新居は関東ローム層、地の下深く穴蔵に光も射さず真っ暗な、ミミズやオケラを友として、月日の経つのもわからずに、気が付きゃいつしか色白の、すらりと伸びたる身の丈は3尺余りとなりました。
自分で云うのもなんだけど、吉永小百合か原節子、別嬪さん、末はモデルか、女優さん 早くスカウト来ないかと、思えばときめく胸の内、いつしか刈り取られ、神田の市場に運ばれて、気が付きゃや八百屋のザルの上、
哀れな娘と思うなら、せめて美味しく召し上がれ、皮はきんぴら実は、天ぷら如何でしょう、東京野菜にその名も高いウドちゃん皆さん買ってくれ。」
には、大拍手だった。
なぜか、この衣装で金子ざん氏が登場、ベルサイユの薔薇をイメージしているのか。
これで、瓜物語の一節をひと踊り。
「瓜、売りが、瓜、売りにきて、瓜、売り残し、売り、売り帰る、瓜売りの声。
元和年間、美濃国の真桑村より、将軍家により召しいらされて、・・・。と、水菓子と云われて、夏の王様だったが、
今では、北海道の、夕張ウリ、それは夕張メロンだ。 九州には西ウリ、それはスイカだ・・・・・。」
内藤新宿・鳴子ウリに葛飾中川の畔の本田ウリは、金マクワ、銀マクワと云われた江戸のマクワウリ物語を、金子ざん氏は、一人踊りで演じきった。

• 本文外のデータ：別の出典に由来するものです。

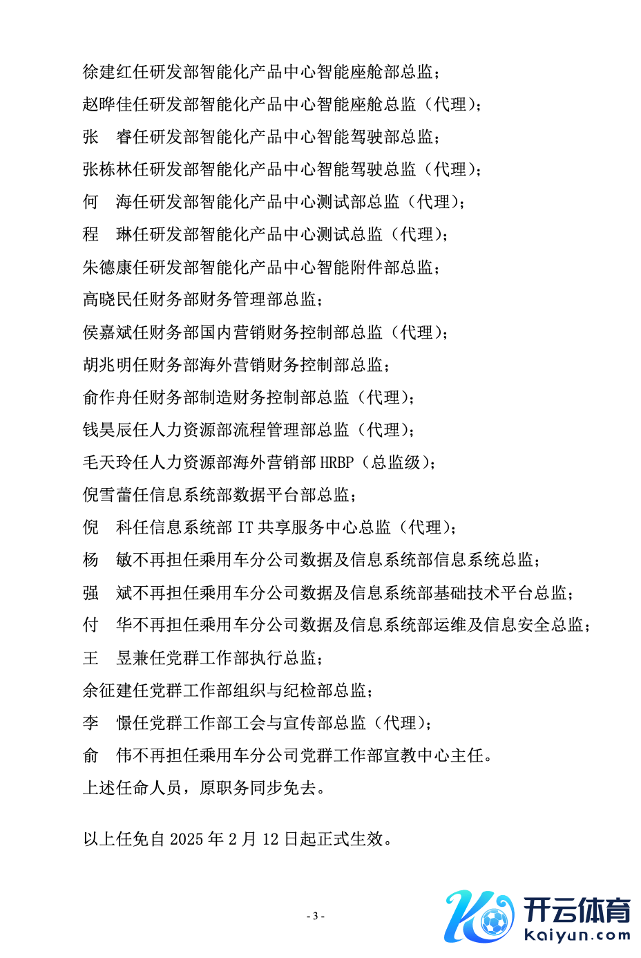 IT之家 2 月 19 日音问九游体育官网登录入口,据华尔街见闻报谈,上汽乘用车日前公布《对于大乘用车干部任免的见知》,对乘用车板块干部大限度任免,触及超 60 位中高层,任免由上汽集团总裁贾建旭签发,2 月 12 日起成功。
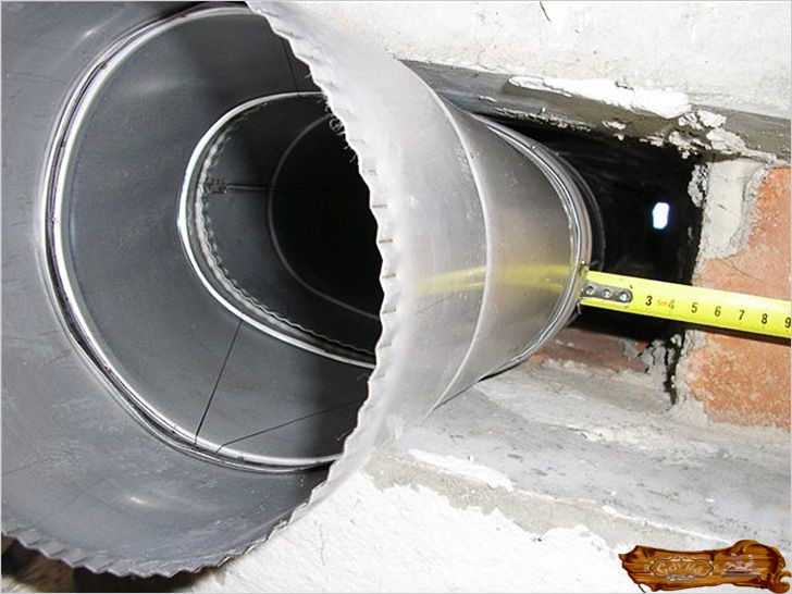 Проем в потолочном перекрытии проделывают так, чтобы оставить зазор более 30 см от трубы до ближайших деревянных потолочных конструкций с каждой стороны.
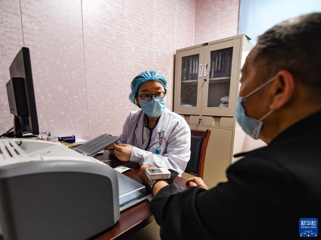 5月18日,在成都市温江区万春镇中心卫生院,家庭医生杨静(左)在问诊间坐诊。
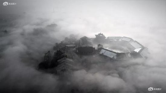 由于冬季河水与空气的温差,台儿庄古城出现晨雾缭绕、白雾穿城的美景,城中建筑和树木若隐若现,恍若天宫浮云、海市蜃楼。
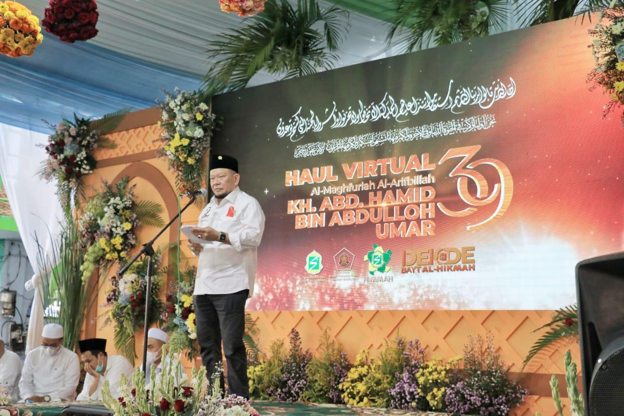 LaNyalla hadir di Ponpes yang diasuh KH Idris Hamid itu dalam rangka mengikuti peringatan Maulid Nabi dan Haul ke-39 Almaghfurlah KH Abdul Hamid bin Abdulloh Umar dan Haul ke-30 Almaghfurlaha Ibu Nyai Hj. Nafisah binti KH Achmad Qusyairi.
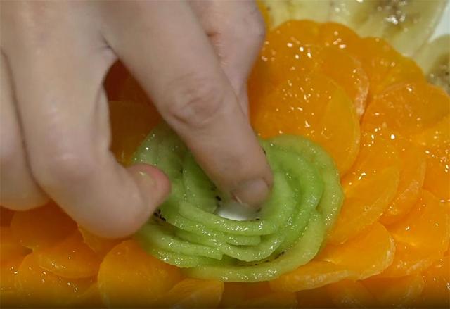 3.準備一個獼猴桃,對半切開,再切成薄片,獼猴桃當做花心。
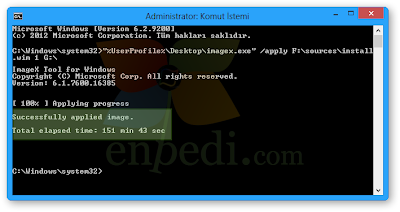 II- Windows To Go sürücünüze 64 Bit Windows 8 kuracaksanız ilk komutu, 32 Bit Windows 8 kuracaksanız 2. komutu girin ve Enter'a basın.
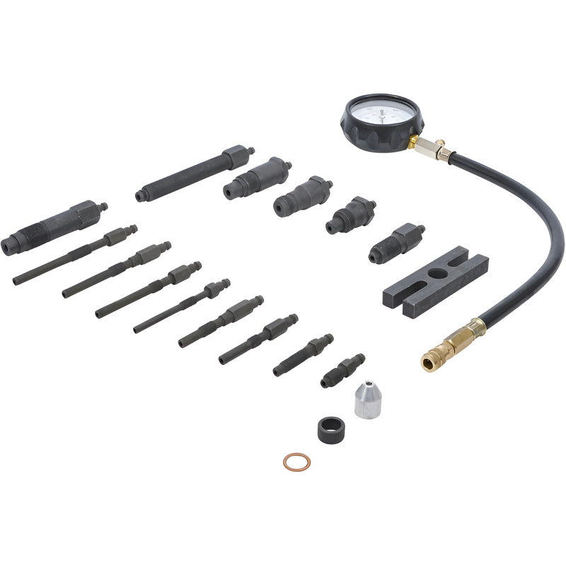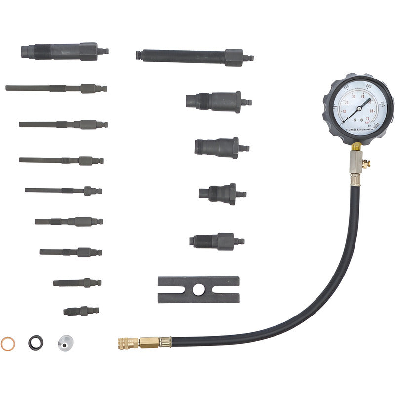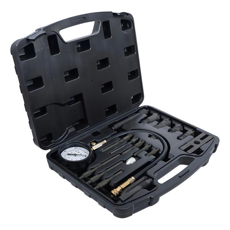 Probador de compresión para motores diésel diseñado para evaluar el estado del motor de manera profesional. - Incluye herramientas de prueba compatibles con la mayoría de vehículos: Manómetro de 70 bar con manguera de 500 mm Tubo adaptador M18 x 1.5, longitud: 160 mm - Adaptadores de inyector: M20 x 1.50, longitud: 77 mm M22 x 1.50, longitud: 74 mm M22 x 1.50, longitud: 117 mm M24 x 1.50, longitud: 88 mm M24 x 2.00, longitud: 66 mm - Adaptadores para bujías: M8 x 1.0, longitud: 104 mm M10 x 1.00, longitud: 84 mm M10 x 1.00, longitud: 92 mm M10 x 1.00, longitud: 113 mm M10 x 1.00, longitud: 120 mm M10 x 1.25, longitud: 65 mm M10 x 1.25, longitud: 137 mm M12 x 1.25, longitud: 48 mm

上島さんは「我々は、マクワウリを一度食べてみたいという気持ちになっている」「マクワウリを食べる会を企画したいので、食べたい方はアンケートに書いてください」とお客さんに語りかけた。

色々な出し物があったが、東京の夏野菜だけを使った、冷やし中華をステージで作り上げた。

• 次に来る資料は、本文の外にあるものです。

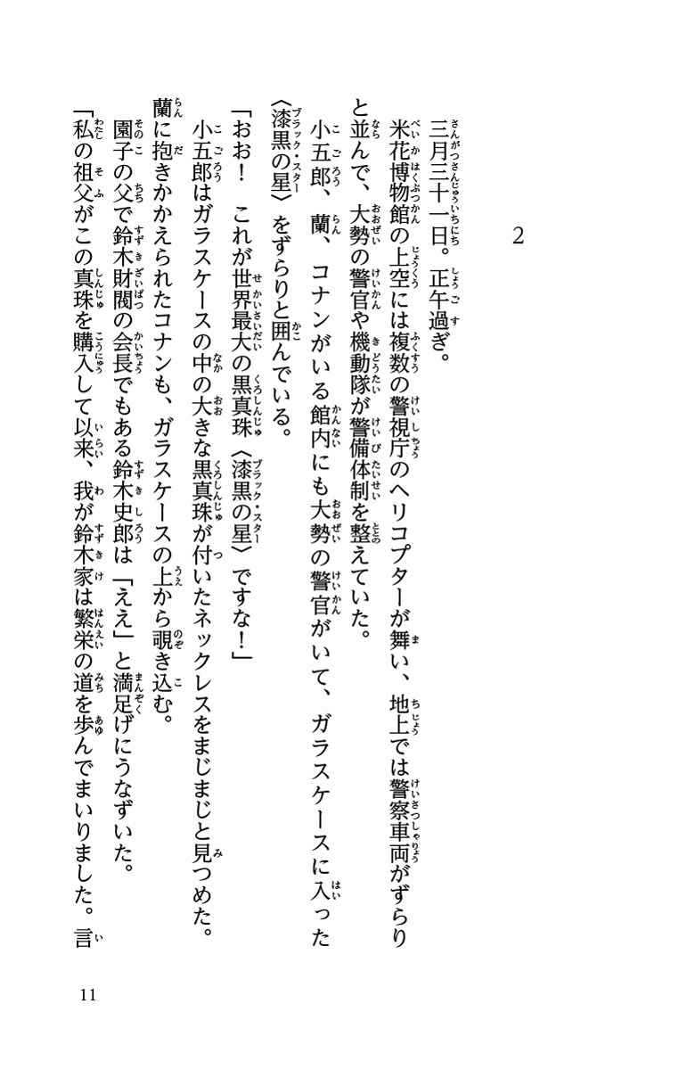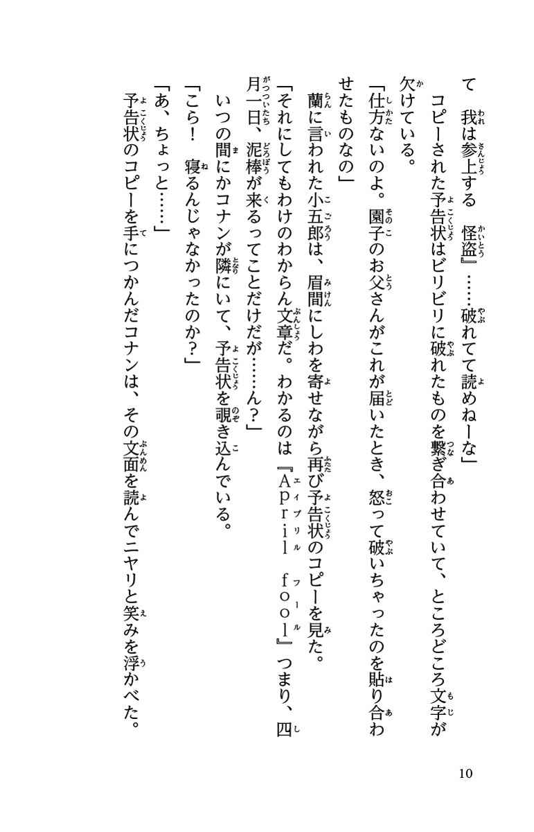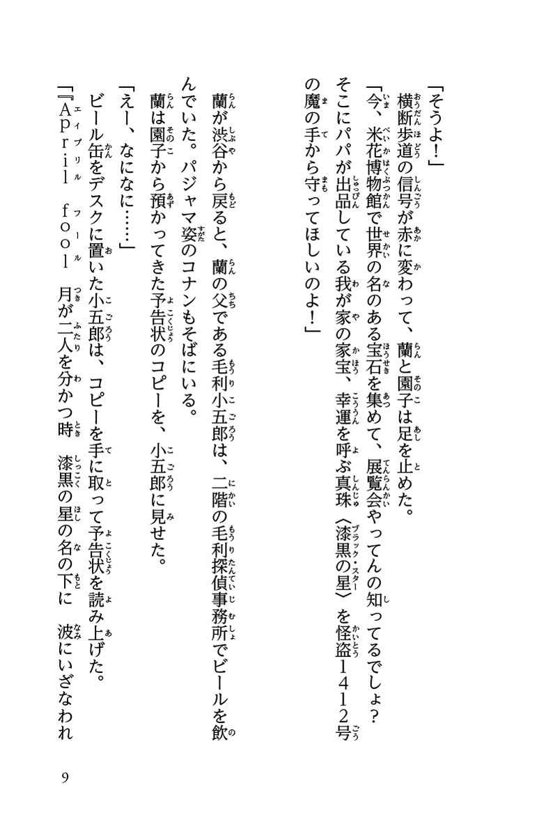 コナンとキッドの出会いと因縁の対決を描く 4月の劇場版最新作先駆けて2024年1月5日に公開されるTVアニメ総集編をノベライズ。怪盗1412号(怪盗キッド)から鈴木園子の父に、米花博物館にある世界最大の黒真珠「漆黒の星」を狙う予告状が届いた。決行の日は4月1日。園子から依頼をうけた小五郎の側でコナンは予告状を盗み見る。そこで、怪盗1412号の暗号文を解読し準備を進めるが・・・。一方、怪盗キッドは決行前の東都タワー展望台で、かつてピンチに陥った時計台の怪盗仕事を思い出していた。実はその現場にはコナンになる前の工藤新一が駆けつけていて・・・。キッドとコナン、二人の初めての出会いとプライドを賭けた戦いを描く総集編!
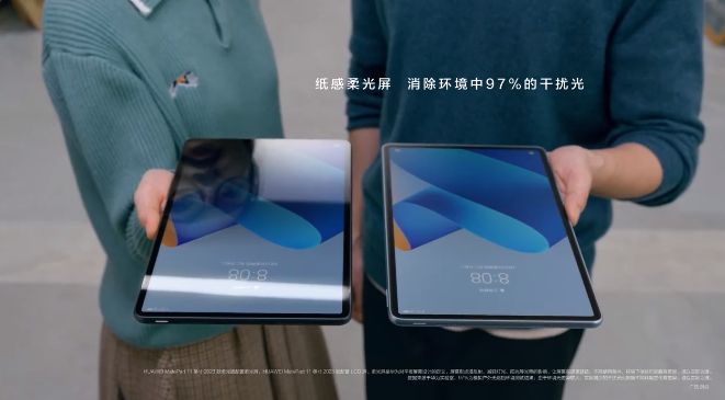 今天华为官方带来了 MatePad 11 平板 2023 款预热,主打纸感读写体验,将亮相华为春季旗舰新品发布会。华为官方视频宣传,该平板为华为首款柔光屏平板,防眩护眼,纸感读写。华为 MatePad 11 平板搭载纸感柔光屏,可消除环境中 97% 的干扰光。纸感书写,还原熟悉的纸笔体验。

カイワレ大根、水菜、キュウリ、パプリカ、ミョウガ、ネギはたっぷりといれる。
手づかみの大胆な料理だが、あいの手の上島さんが「男の料理」だ。と・・・
それにゴマ油を熱したものを、ネギの上からかけ、ポン酢をかけた。
盛んに「男の料理」を強調しておいて、会場の皆さんに配られたが、美味しいと好評だった。
19時から始まった、浅草雑芸団の皆さんの1時間半にわたる熱演に、お客さんも満足されたようだった。
今回は、実験的なものと云っていたが、下ネタなしの至って生真面目で、大道芸としては、精度の高いものになった。次回の、再演を期待したい。
上島敏昭さん初め、浅草雑芸団の皆さん、成田先生ご苦労様でした。